Task prompt — Shown below are entries with pictures; the line with "Torten Träume von" through the line with "Its a process" is the span to retype exactly, and the pictures stay out.

Given records —
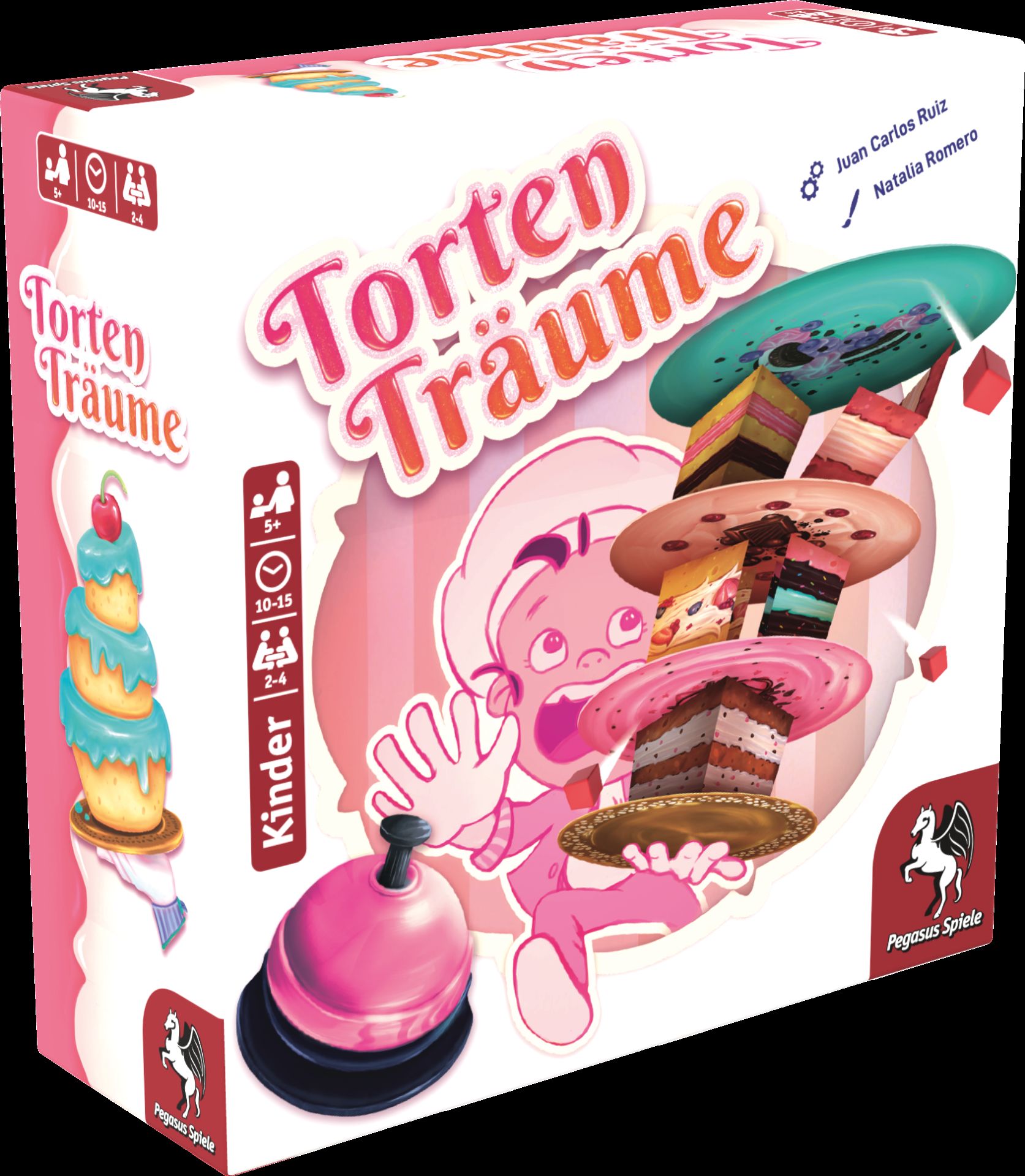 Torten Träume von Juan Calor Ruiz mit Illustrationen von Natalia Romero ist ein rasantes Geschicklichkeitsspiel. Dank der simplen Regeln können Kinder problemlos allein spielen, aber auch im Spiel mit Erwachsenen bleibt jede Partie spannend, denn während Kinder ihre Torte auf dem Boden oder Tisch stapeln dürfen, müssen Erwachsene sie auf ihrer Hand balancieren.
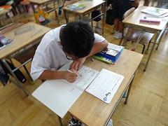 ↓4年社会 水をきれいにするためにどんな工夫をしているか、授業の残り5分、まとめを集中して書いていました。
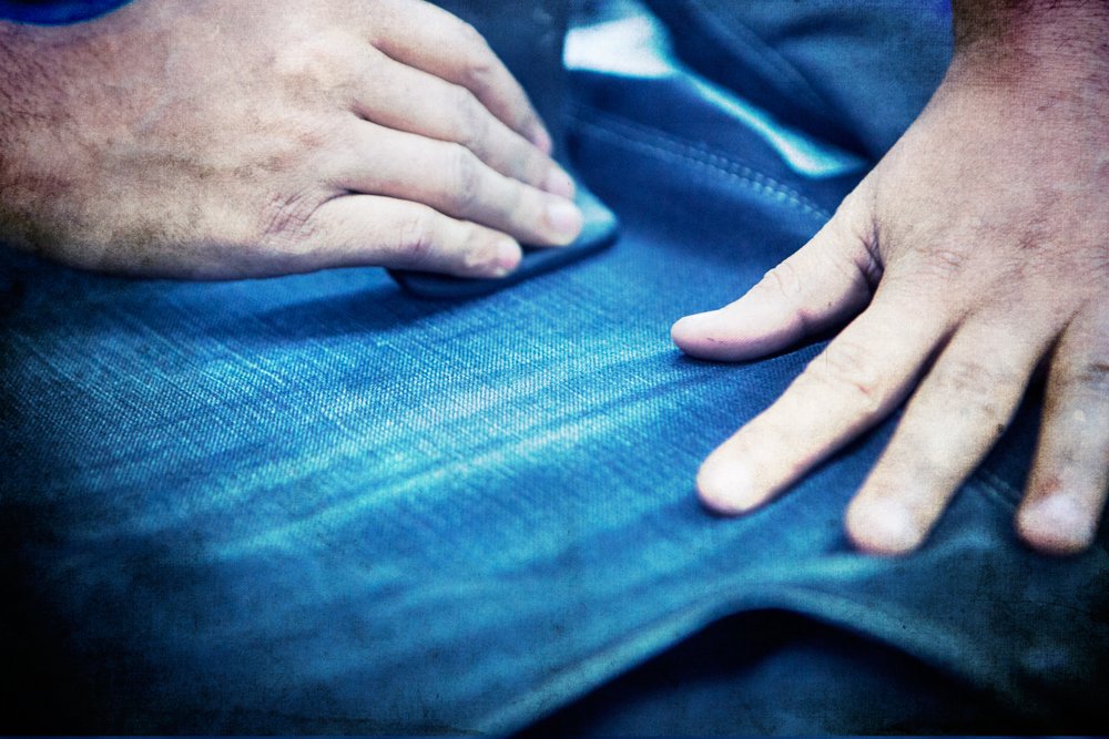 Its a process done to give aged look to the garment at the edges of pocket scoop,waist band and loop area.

--

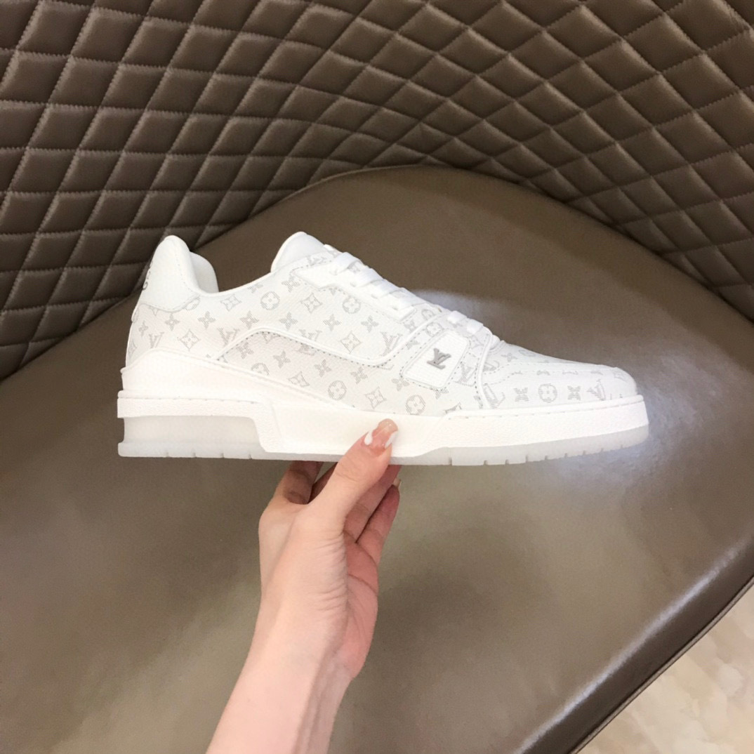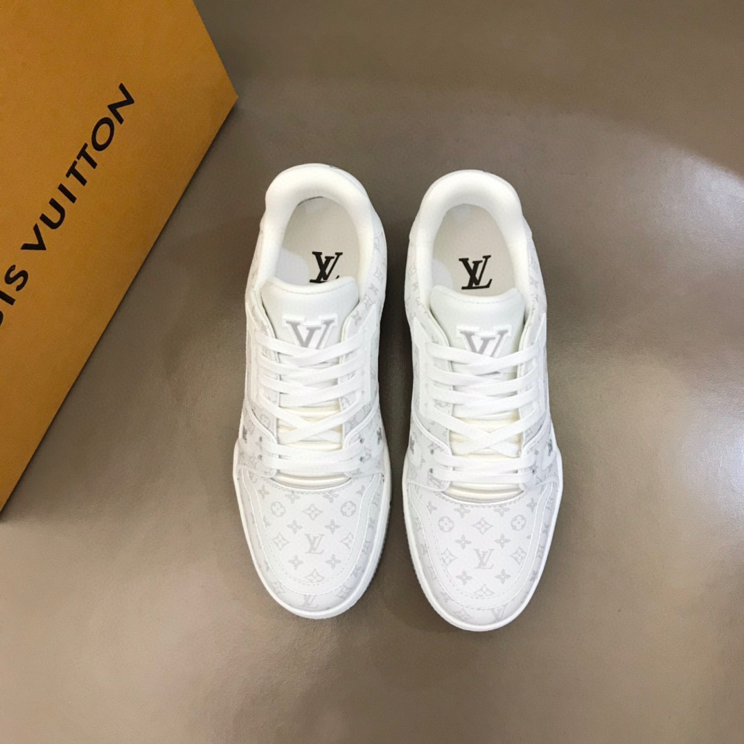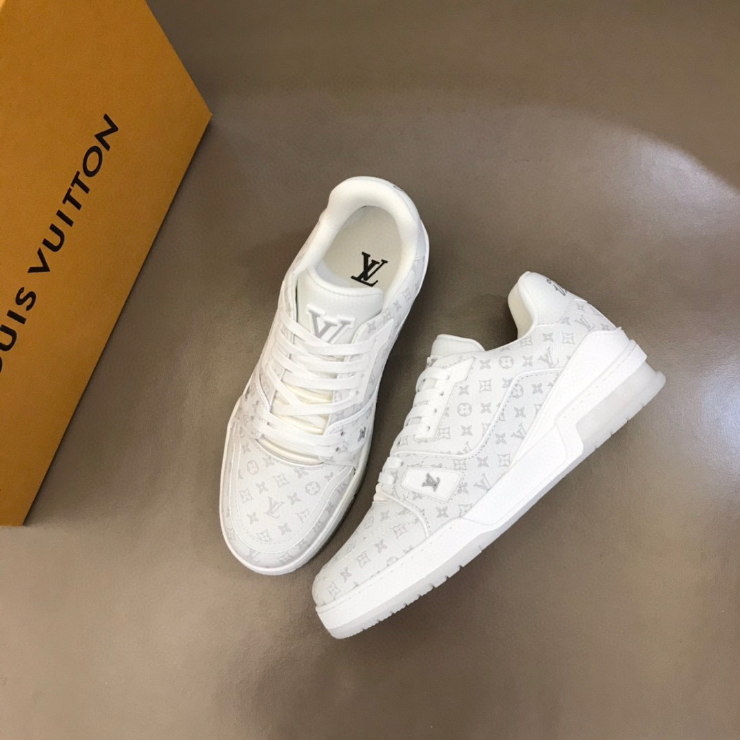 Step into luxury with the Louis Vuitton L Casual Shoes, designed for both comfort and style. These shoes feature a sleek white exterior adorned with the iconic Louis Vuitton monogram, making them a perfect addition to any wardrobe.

--

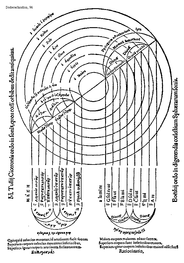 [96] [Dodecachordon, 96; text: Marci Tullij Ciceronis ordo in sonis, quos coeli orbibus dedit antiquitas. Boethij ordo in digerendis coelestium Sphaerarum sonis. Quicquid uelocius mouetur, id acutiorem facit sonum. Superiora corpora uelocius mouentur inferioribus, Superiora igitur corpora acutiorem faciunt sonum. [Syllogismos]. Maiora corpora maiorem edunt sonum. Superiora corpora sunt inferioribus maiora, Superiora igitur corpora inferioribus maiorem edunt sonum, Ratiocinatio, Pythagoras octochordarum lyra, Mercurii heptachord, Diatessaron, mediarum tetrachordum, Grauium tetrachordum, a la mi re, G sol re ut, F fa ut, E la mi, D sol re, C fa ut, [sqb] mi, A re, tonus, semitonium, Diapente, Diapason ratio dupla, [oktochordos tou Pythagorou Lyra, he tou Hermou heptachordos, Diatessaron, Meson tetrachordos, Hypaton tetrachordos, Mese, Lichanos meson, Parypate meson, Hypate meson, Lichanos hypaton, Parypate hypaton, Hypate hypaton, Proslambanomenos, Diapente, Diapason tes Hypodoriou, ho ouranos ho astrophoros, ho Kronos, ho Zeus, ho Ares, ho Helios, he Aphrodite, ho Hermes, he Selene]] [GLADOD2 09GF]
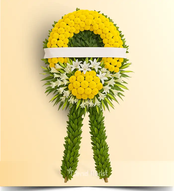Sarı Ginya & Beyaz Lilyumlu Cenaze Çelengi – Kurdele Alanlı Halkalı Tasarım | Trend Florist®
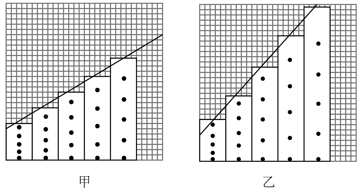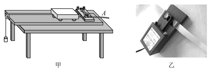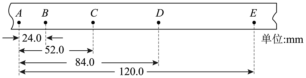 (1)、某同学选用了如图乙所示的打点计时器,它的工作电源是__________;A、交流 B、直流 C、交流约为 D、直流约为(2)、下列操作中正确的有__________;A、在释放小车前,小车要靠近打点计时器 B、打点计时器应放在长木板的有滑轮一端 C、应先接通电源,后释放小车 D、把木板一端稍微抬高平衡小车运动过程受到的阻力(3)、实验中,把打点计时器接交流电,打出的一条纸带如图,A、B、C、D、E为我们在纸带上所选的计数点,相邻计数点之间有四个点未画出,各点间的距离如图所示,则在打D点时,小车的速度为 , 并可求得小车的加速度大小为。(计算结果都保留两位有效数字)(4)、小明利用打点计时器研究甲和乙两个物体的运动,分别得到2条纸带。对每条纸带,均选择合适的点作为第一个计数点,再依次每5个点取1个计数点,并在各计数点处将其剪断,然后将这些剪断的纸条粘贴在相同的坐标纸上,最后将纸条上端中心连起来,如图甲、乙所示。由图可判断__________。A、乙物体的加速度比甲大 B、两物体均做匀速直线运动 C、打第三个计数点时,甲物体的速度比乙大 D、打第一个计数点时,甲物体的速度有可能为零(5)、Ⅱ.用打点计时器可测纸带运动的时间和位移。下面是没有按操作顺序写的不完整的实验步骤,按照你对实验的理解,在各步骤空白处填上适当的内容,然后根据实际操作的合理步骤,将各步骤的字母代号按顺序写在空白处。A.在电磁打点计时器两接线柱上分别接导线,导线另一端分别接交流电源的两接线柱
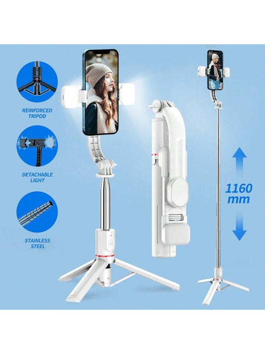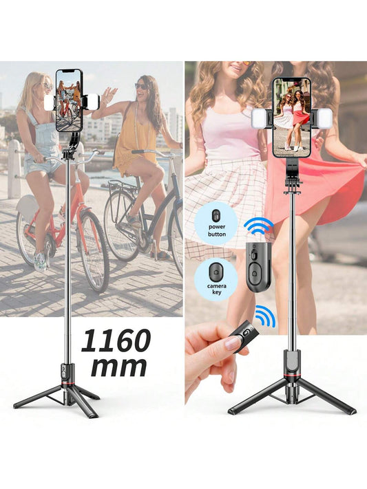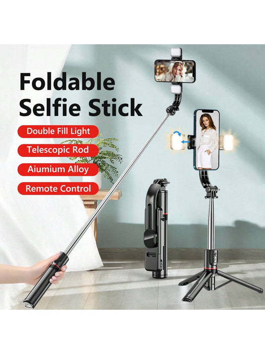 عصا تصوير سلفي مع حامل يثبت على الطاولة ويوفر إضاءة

Exercise solution —
 Torten Träume von Juan Calor Ruiz mit Illustrationen von Natalia Romero ist ein rasantes Geschicklichkeitsspiel. Dank der simplen Regeln können Kinder problemlos allein spielen, aber auch im Spiel mit Erwachsenen bleibt jede Partie spannend, denn während Kinder ihre Torte auf dem Boden oder Tisch stapeln dürfen, müssen Erwachsene sie auf ihrer Hand balancieren.
 ↓4年社会 水をきれいにするためにどんな工夫をしているか、授業の残り5分、まとめを集中して書いていました。
 Its a process done to give aged look to the garment at the edges of pocket scoop,waist band and loop area.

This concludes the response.